Astronomers have been conducting an ongoing survey of the outer solar system using the Palomar QUEST camera and the Samuel Oschin Telescope at Palomar Observatory in Southern California. This survey has been operating since the fall of 2001, with the switch to the QUEST camera happening in the summer of 2003. To date they have found around 40 bright Kuiper belt objects. To find objects, Astronomers have taken three pictures of a small region of the night sky over three hours and look for something that moves. The many billions of stars and galaxies visible in the sky appear stationary, while satellites, planets, asteroids, and comets appear to move. Objects in the inner Oort cloud are extremely distant and so move extremely slowly.
(The Oort cloud is a hypothetical shell of icy proto-comets in very loose orbits around the sun that extends to a distance of almost halfway to the nearest star. The existence of Sedna is evidence that the Oort cloud actually extends much further in towards the sun than previously thought).
These are two slightly differently processed views of the same 3 discovery images. The total area of sky shown in the bottom image is equivalent in size to the head of a pin held at arm's length. Incidentally, that is how big the Sun would appear from Sedna:
Even more interestingly, the orbit of Sedna is extreme elliptical, in contrast to all of the much closer planets, and it takes 10,500 years to circle the sun.

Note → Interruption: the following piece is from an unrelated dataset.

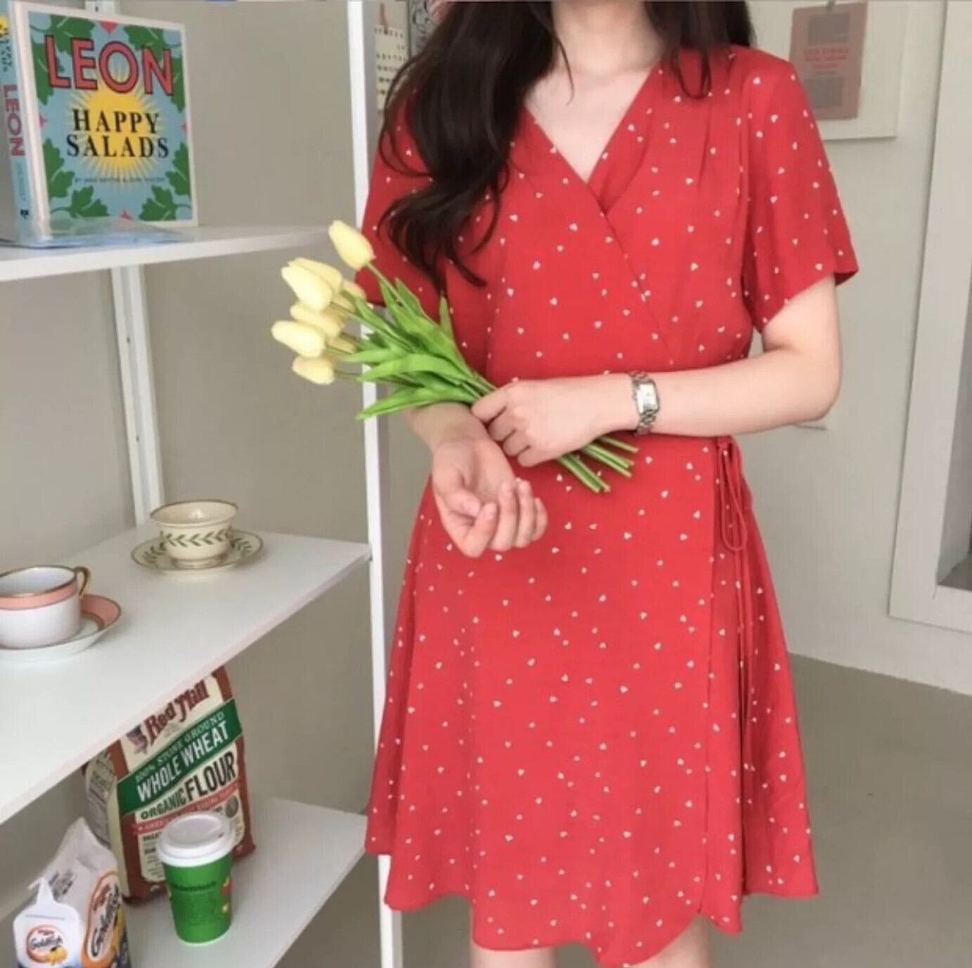 レディース スカート ワンピース オールインワン ドレス フレア 前開き フレアスカート 半袖 Vネック 襟なし セミフレア スリム 細身 Aライン ラップ フェミニン ウエストリボン 前開き 薄手 かわいい 大人可愛い きれいめ おしゃれ ラフ とろみ感 抜け感 キュート ドット柄 水玉 春 夏 マタニティ デート お出かけ お泊まり パーティー イベント リゾート 海 女子会 休日 バカンス 合コン コンパ 婚活 楽ちん 美脚 脚長 モテ 清楚 S M L 白 ホワイト 黒 ブラック レッド
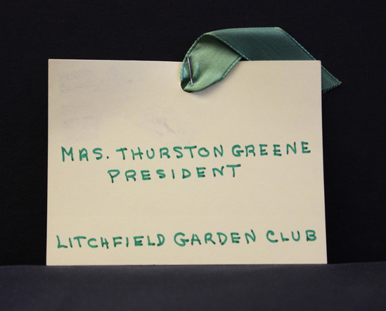 Nametag of yellow paper. Hole punched at upper center with green satin-faced ribbon laced through and stapled in place. Written in green marker on the card is, "MRS. THURSTON GREENE/ PRESIDENT/ LITCHFIELD GARDEN CLUB."

Here is an image of the orbit and position compared to all the known solar system objects:
In our discovery images, we see only a point of light. We can't directly measure the size of Sedna from this point. The light that we see has traveled from the sun, been reflected off the surface of Sedna, and come back to us where we can see it in the images like the discovery images below. So a small icy object and a large coal-covered object, for example, would both look about the same brightness in the discovery images, because both objects could reflect about the same amount of sunlight.

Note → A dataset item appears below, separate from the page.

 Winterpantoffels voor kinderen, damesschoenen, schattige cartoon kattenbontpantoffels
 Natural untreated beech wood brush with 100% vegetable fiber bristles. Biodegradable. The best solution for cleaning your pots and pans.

Astronomers measured Sedna's size using a thermal telescope, which measures the heat coming from the surface. They know how far away Sedna is, so they know that the surface temperature is about 400 degrees below zero Fahrenheit. A large object of that temperature will give off much more heat than a small object of that temperature. A 30 meter diameter IRAM telescope and a Spitzer Space Telescope were used. Sedna was too small to be detected in either. This tells us that Sedna is at most about 1800 km in diameter: about halfway in size between Pluto and the largest known Kuiper belt object Quaoar. Even though all we know for certain is that Sedna is smaller than 1800 km, we have evidence which suggests that the size might be pretty close to this number. They are virtually certain that the size is larger than the 1250 km size of Quaoar, though this object has shown many unexpected characteristics, so they can't completely rule out a smaller size.

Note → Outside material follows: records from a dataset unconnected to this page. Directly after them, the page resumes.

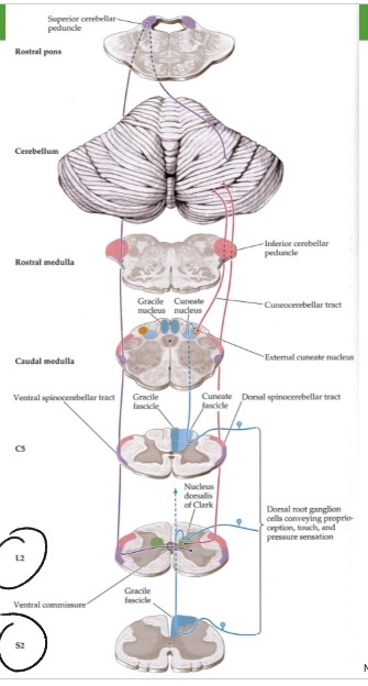 The afferent fiber pathways determine unconscious proprioception about the limb movement. Which of the following determine proprioception, pressure, and touch relating to the lower limbs?
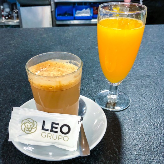 From experience, Mikey finds that a café con leche (basically a long shot of espresso with steamed milk) and fresh orange juice is the best hiking breakfast. It has the right ratio of caffeine, sugar, and fat to get us going, but nothing too heavy that might weigh down our intrepid hiker.
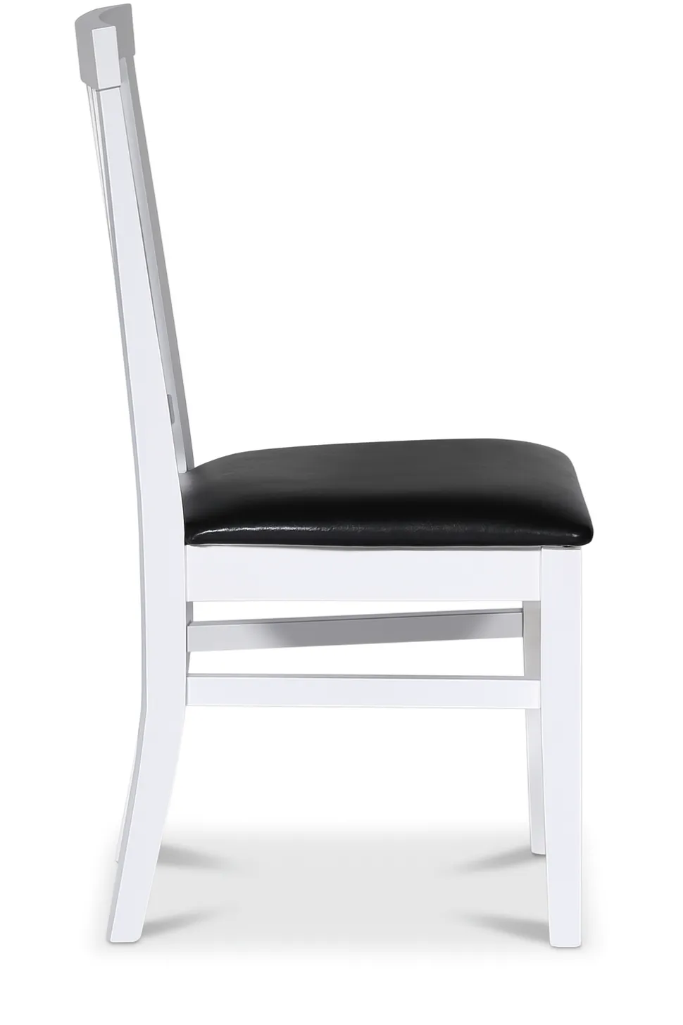Våra matrums serier Fårö, Skagen och Dalarö är utformade i klassisk design där stilren design möter kvalitet. Denna med stomme i vitlackat massivt trä med sits i svart tålig PU. Matstol med raka ribbor i ryggen som en klassisk detalj.

Sedna is about 20.5 magnitudes in R, considerably fainter than 2004 DW and Quaoar. It is beyond the reach of almost all amateurs astronomers (though, interestingly, the first confirmation of the existence of Sedna was made at Tenagra Observatory, an extremely high-end amateur telescope run by Michael Schwartz in southern Arizona).
In March 2004, the location of Sedna is easily found in the evening sky to the southwest just after sunset. It is almost directly below Mars, and forms a triangle with the very bright Venus.
When astronomers first announced the discovery of Sedna, we noted that circumstantial evidence suggested that there is a moon around Sedna. Soon after, we acquired the images below with the Hubble Space Telescope. Much to our surprise no moon is visible!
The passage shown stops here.